Meta has also been ordered to halt transatlantic data transfers to the U.S. within five months, although it may not have to take that extreme step should a new regulatory framework for international data transfers come into effect later this year. In addition, the ruling gives Meta six months to stop handling data it previously collected, which could mean deleting all that content or moving them back to Europe. The case against Meta stems from U.S. policies that give intelligence agencies the ability to intercept digital communications from abroad. [CyberScoop / WIRED / The New York Times / The Hacker News]
↘️ A product called Echo, made by the Israel-based Rayzone Group, is using ad data intended for marketers to help authorities track people through their mobile phones. [Bloomberg]
↘️ 28-year-old IT security analyst Ashley Liles has pleaded guilty for piggybacking on a cyberattack incident targeting the IT firm he was employed at back in 2018 to extort his employer by “altering the original blackmail email and changing the payment address provided by the original attacker” in an attempt to divert any ransom payments to himself. This incident showcases the dangers posed by malicious insiders within organizations. [SEROCU]
↘️ U.S. government and federal law enforcement agencies disrupted networks used by foreign scammers to obtain fraud proceeds following a three-month campaign. These schemes, which included lottery fraud and romance scams, recruited individuals to act as money mules to receive funds from victims and transmit them to the perpetrators, many of whom are based overseas. [DoJ]
↘️ The U.S. Treasury Department has sanctioned four entities and one individual for engaging in malicious cyber activities on behalf of the North Korean government. This includes maintaining an army of illicit IT workers that have fraudulently gained employment in various firms around the world (chiefly China and Russia).

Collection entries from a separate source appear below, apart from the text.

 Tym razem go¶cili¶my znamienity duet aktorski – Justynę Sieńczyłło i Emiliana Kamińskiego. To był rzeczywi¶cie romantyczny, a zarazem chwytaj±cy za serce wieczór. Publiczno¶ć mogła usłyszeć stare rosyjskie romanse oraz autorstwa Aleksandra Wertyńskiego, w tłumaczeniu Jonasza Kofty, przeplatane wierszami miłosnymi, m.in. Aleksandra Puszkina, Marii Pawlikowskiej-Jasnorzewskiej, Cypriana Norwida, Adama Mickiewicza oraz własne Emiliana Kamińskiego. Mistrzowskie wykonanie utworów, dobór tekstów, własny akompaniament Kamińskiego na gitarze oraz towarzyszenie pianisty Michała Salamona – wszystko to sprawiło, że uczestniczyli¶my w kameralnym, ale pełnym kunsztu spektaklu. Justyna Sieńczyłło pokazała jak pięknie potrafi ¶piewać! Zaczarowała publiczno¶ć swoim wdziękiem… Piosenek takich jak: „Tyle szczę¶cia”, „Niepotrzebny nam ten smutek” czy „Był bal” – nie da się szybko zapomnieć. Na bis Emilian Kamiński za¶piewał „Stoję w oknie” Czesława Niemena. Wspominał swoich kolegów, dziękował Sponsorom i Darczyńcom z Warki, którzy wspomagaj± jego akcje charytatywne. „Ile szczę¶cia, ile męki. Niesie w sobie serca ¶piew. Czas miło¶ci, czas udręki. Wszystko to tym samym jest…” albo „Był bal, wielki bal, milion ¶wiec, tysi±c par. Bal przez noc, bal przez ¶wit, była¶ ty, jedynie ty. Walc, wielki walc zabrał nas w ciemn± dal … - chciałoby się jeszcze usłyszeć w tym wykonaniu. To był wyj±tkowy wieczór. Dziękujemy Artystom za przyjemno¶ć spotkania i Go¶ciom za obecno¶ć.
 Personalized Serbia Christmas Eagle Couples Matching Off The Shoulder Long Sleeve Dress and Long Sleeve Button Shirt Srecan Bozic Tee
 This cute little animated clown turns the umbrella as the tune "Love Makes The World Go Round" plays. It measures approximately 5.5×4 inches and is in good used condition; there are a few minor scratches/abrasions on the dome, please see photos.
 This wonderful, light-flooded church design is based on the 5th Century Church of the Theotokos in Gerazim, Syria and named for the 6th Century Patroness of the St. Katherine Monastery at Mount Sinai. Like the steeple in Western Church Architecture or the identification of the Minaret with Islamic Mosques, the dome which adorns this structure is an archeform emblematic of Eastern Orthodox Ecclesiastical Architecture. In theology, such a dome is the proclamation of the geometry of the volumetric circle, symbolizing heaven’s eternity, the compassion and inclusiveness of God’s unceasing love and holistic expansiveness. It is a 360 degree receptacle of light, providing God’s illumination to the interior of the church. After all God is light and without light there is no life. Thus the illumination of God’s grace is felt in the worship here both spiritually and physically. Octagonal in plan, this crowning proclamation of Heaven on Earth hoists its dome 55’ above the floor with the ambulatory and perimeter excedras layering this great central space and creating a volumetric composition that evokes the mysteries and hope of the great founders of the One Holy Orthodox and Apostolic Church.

While these individuals tend to engage in legitimate IT work unrelated to malicious cyber activity, they use virtual currency exchanges and trading platforms to launder illicitly obtained funds back to the DPRK and contribute to the regime’s priorities. The Treasury also sanctioned the Pyongyang University of Automation, which it said is responsible for training “malicious cyber actors,” many of whom land jobs at the Reconnaissance General Bureau (RGB), the country’s main intelligence agency that also houses the infamous Lazarus Group. [The Hacker News]
↘️ Google’s decision to roll out .zip and .mov top level domains in early May has sparked security concerns owing to the fact that they are both common file extension names, thereby confusing people into visiting a malicious website rather than opening a file. The company has said the “risk of confusion between domain names and file names is not a new one.” [Ars Technica / Bleeping Computer / Dark Reading / The Register / Trend Micro / WIRED]
↘️ Sophisticated threat groups aligned with Iran are setting their sights on regional managed service providers (MSPs) and using the compromise as a foothold to launch supply chain attacks against downstream customers. It also comes amid a significant increase APT-aligned attacks against small- and medium-sized businesses (SMBs) for reasons varying from from espionage and intellectual property theft to destructive actions, financial theft, and disinformation campaigns. SMBs are also compromised so that attackers can impersonate them in other attacks and abuse their infrastructure. [The Hacker News / CSO Online]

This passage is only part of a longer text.